Perhaps the most terrible part of the three hours that followed lay in the fact that I could neither leave him to ask someone like Ceely to send for a doctor, nor could I bring Lavoisier to anything like complete consciousness. The words he spoke did not seem to make sense—at first. And the bloodstained envelope he poked at me, whispering that I must rescue Marjorie and give it to her, contained one single sentence in a pencil scrawl, one which surely sounded like the ravings of delirium! This is all it said:
Marjorie dear, your heritage is black instead of white, and your pet squirrel rejects it with scorn.
J.L.
Now honestly I ask you, what could anyone make of that?
Between my own terrible anxiety over the fate of the two women, my attempts to resuscitate Lavoisier so he could speak and tell me what I must do, it was an anguished time. The old man, no longer malignant, but weak and rambling, when I did get enough of the coffee into him so he tried to speak, would say a few words—only to lapse again into faintness.
Because there can be nothing but sadness in trying to reproduce these last minutes of one thoroughly misunderstood, I shall give simply the fragments of speech and whisper which I did manage to glean from his lips.
A man named Breen had betrayed him. Breen had been a partner. He had captured Marjorie (no mention of Mrs. Colman). The blackguards were dead...

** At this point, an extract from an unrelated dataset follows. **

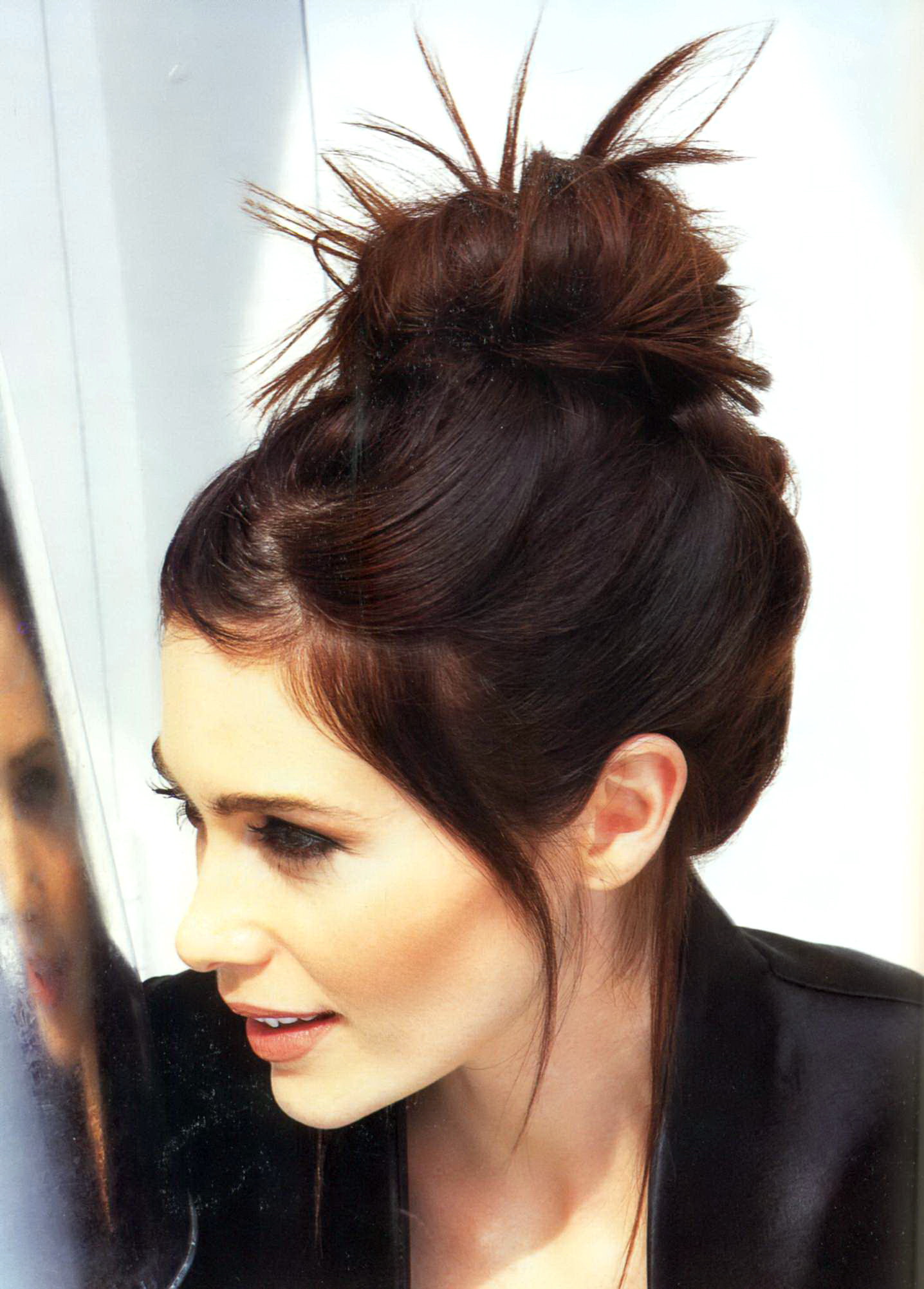 - Medium length hair bun

WHAT this could signify, more than a kidnaping for possible
ransom, I could not imagine. But it did not seem that this was
the idea. Or at least there was more to it than that. Over and
over I begged Lavoisier to tell me where to find them. And I
obtained only a mutter about Dog River Cave. If there was any
sort of a cave down near this stream, I certainly had not heard
of it; but those three words were plain enough. Which way did the
cave lie? I repeated the question again and again, but got
nothing more. The dying man seemed to think that I knew all about
it; or else his mind was rambling.
That was all which bore upon the terrible plight of Marjorie Grandeman and her companion; but there was one other thing which seemingly was wrung from Lavoisier at the very end. For some time his breathing had been bad, and no heartbeat at all discernible, Only the slow and uneven rise and fall of his chest showed that life had not fled. I tried him on a last swallow of the tepid coffee.
Then it was his eyes came wider, and he seemed to struggle to speak. I put an arm behind his head, and saw his black eyes fixed upon me in an agony of striving. Then words came!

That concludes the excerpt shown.